■ What to work on: Find every line of the listing below where "Avec" appears, and copy it.

###

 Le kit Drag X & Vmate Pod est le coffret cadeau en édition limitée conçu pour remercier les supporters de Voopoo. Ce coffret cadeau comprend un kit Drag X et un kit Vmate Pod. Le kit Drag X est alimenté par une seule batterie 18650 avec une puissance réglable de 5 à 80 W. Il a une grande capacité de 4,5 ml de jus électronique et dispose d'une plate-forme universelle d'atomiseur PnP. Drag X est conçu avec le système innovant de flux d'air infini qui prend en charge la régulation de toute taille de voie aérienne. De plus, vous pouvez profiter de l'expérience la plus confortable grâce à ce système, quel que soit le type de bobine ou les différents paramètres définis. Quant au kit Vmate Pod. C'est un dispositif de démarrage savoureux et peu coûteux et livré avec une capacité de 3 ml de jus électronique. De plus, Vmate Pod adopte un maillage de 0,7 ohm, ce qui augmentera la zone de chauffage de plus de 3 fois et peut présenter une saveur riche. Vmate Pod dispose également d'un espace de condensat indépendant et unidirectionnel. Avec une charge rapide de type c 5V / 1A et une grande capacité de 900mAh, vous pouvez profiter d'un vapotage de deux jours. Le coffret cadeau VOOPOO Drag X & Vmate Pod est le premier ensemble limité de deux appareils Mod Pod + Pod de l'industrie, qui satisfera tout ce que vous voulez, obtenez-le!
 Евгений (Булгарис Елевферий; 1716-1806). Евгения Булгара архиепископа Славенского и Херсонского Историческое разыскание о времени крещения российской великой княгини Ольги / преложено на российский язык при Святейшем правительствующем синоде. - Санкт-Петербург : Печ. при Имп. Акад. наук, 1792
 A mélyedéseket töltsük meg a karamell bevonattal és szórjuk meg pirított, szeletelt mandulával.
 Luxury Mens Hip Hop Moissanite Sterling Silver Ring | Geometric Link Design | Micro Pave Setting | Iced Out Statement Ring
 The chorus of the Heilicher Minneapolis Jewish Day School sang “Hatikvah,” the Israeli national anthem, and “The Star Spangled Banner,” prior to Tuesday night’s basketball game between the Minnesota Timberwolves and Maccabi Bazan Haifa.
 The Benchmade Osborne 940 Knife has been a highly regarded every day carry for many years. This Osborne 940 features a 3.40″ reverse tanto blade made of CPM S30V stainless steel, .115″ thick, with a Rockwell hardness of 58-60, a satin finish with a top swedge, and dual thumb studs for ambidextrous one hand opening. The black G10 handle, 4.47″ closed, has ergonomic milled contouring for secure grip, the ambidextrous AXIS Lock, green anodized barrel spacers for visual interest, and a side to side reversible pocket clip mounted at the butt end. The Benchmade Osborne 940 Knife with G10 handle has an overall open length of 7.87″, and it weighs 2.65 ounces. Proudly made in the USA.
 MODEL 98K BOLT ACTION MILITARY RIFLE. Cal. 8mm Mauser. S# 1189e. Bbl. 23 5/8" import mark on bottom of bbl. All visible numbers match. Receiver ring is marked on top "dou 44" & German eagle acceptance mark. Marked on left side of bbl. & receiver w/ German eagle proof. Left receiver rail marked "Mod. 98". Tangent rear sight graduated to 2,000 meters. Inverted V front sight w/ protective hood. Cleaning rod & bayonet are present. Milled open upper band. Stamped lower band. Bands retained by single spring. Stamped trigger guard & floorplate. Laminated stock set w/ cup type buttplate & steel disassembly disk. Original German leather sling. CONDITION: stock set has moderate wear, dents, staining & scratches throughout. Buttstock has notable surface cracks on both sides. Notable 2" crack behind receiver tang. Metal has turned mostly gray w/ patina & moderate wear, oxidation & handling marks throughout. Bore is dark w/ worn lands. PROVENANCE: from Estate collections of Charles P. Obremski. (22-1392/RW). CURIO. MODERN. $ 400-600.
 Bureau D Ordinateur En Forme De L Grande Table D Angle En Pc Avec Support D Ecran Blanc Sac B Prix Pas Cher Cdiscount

###

■ Written answer:
 Le kit Drag X & Vmate Pod est le coffret cadeau en édition limitée conçu pour remercier les supporters de Voopoo. Ce coffret cadeau comprend un kit Drag X et un kit Vmate Pod. Le kit Drag X est alimenté par une seule batterie 18650 avec une puissance réglable de 5 à 80 W. Il a une grande capacité de 4,5 ml de jus électronique et dispose d'une plate-forme universelle d'atomiseur PnP. Drag X est conçu avec le système innovant de flux d'air infini qui prend en charge la régulation de toute taille de voie aérienne. De plus, vous pouvez profiter de l'expérience la plus confortable grâce à ce système, quel que soit le type de bobine ou les différents paramètres définis. Quant au kit Vmate Pod. C'est un dispositif de démarrage savoureux et peu coûteux et livré avec une capacité de 3 ml de jus électronique. De plus, Vmate Pod adopte un maillage de 0,7 ohm, ce qui augmentera la zone de chauffage de plus de 3 fois et peut présenter une saveur riche. Vmate Pod dispose également d'un espace de condensat indépendant et unidirectionnel. Avec une charge rapide de type c 5V / 1A et une grande capacité de 900mAh, vous pouvez profiter d'un vapotage de deux jours. Le coffret cadeau VOOPOO Drag X & Vmate Pod est le premier ensemble limité de deux appareils Mod Pod + Pod de l'industrie, qui satisfera tout ce que vous voulez, obtenez-le!
 Bureau D Ordinateur En Forme De L Grande Table D Angle En Pc Avec Support D Ecran Blanc Sac B Prix Pas Cher Cdiscount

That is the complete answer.